== LISTED ENTRIES ==
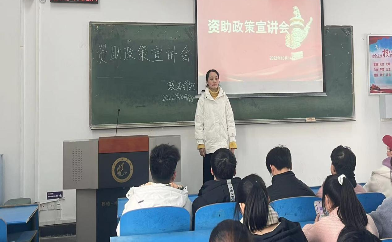 为做好员工资助政策宣传工作,让所有的员工知晓并了解家庭经济困难员工资助政策,公司开展了以“资助政策两节课宣传”为主题的宣讲活动,并于2022年10月14日16:00—17:30在1211、1212教室举办。会议邀请到员工代表李冬雪参与此次宣讲。
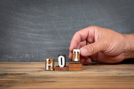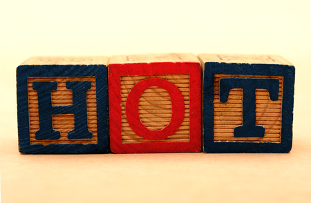 word hot made of brown wooden letters on a blue background
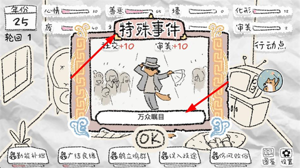 4、觸發萬眾矚目的特殊事件,獲得社交審美等屬性提升,點擊OK按鈕確認事件,繼續推進萌寵的輪回生活,解鎖更多事件內容。
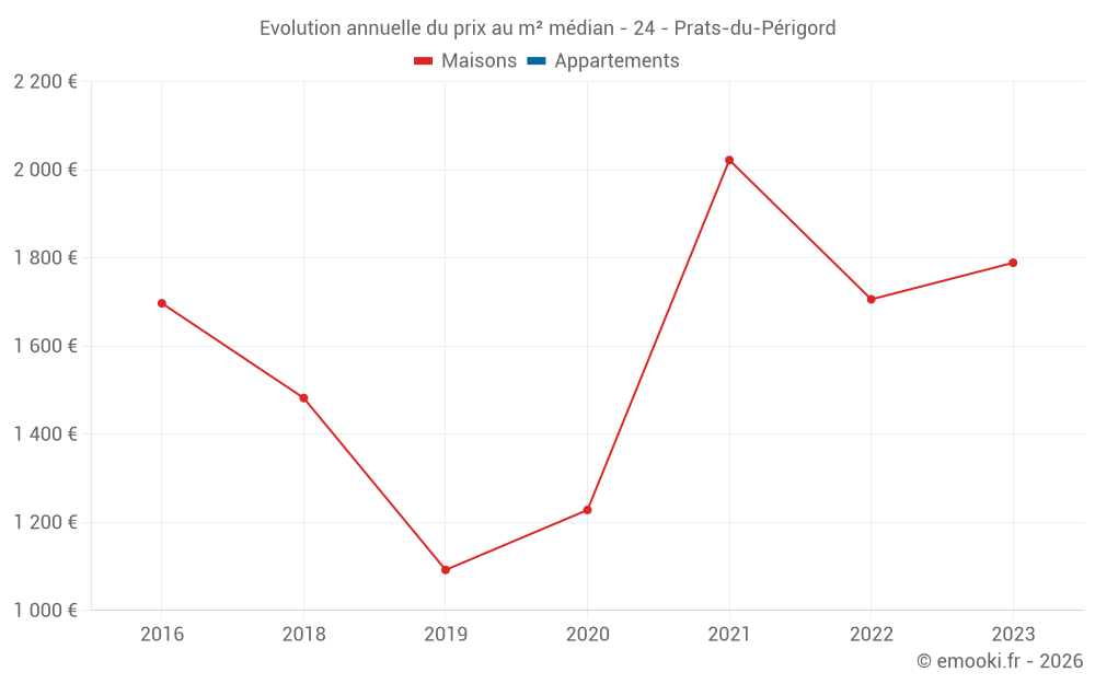Evolution du prix au m² médian des maisons
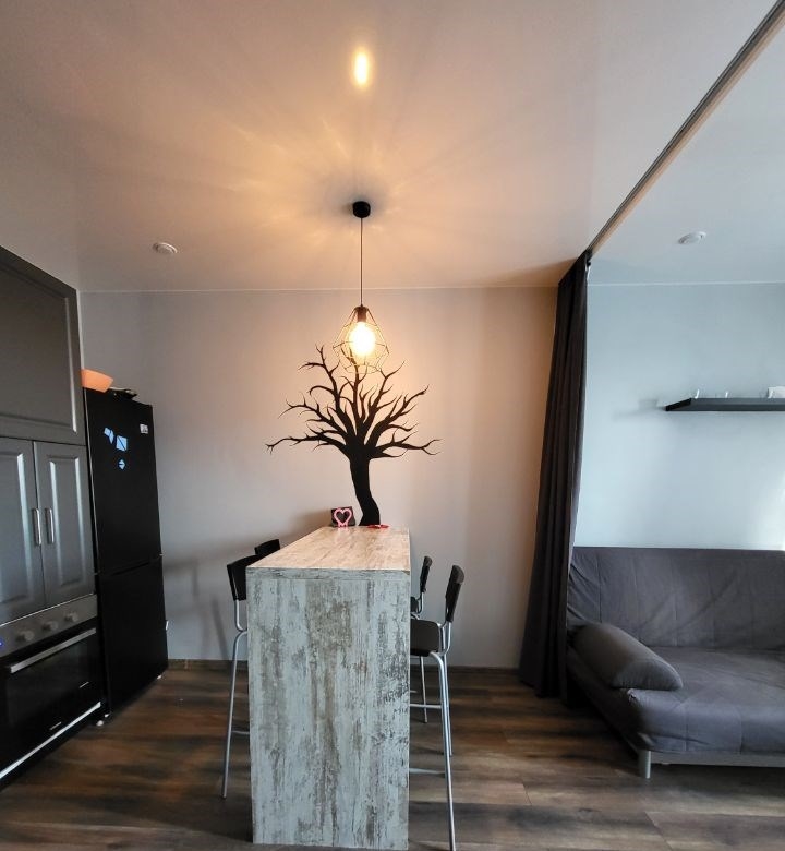 с 12 декабря, возможно посмотреть и снятьевродвушка с гардеробной комнатой. кухня с гостинной разделяются на зоны шторой с потолка. из комнаты выход на крышу, летом можно пить там чай, зимой лепить на крыше снеговика. есть всё для жизни. можно с ребёнком 4 в комнате шведская стенка. на фото нет коридора, он большой. есть индивидуальный котел, температура регулируется.счётчики оплачивает арендатор.

== PROBLEM STATEMENT ==
Wherever a picture appears in the records above, leave it out and transcribe everything else exactly.

== RESULT BELOW ==
 为做好员工资助政策宣传工作,让所有的员工知晓并了解家庭经济困难员工资助政策,公司开展了以“资助政策两节课宣传”为主题的宣讲活动,并于2022年10月14日16:00—17:30在1211、1212教室举办。会议邀请到员工代表李冬雪参与此次宣讲。
 word hot made of brown wooden letters on a blue background
 4、觸發萬眾矚目的特殊事件,獲得社交審美等屬性提升,點擊OK按鈕確認事件,繼續推進萌寵的輪回生活,解鎖更多事件內容。
Evolution du prix au m² médian des maisons
 с 12 декабря, возможно посмотреть и снятьевродвушка с гардеробной комнатой. кухня с гостинной разделяются на зоны шторой с потолка. из комнаты выход на крышу, летом можно пить там чай, зимой лепить на крыше снеговика. есть всё для жизни. можно с ребёнком 4 в комнате шведская стенка. на фото нет коридора, он большой. есть индивидуальный котел, температура регулируется.счётчики оплачивает арендатор.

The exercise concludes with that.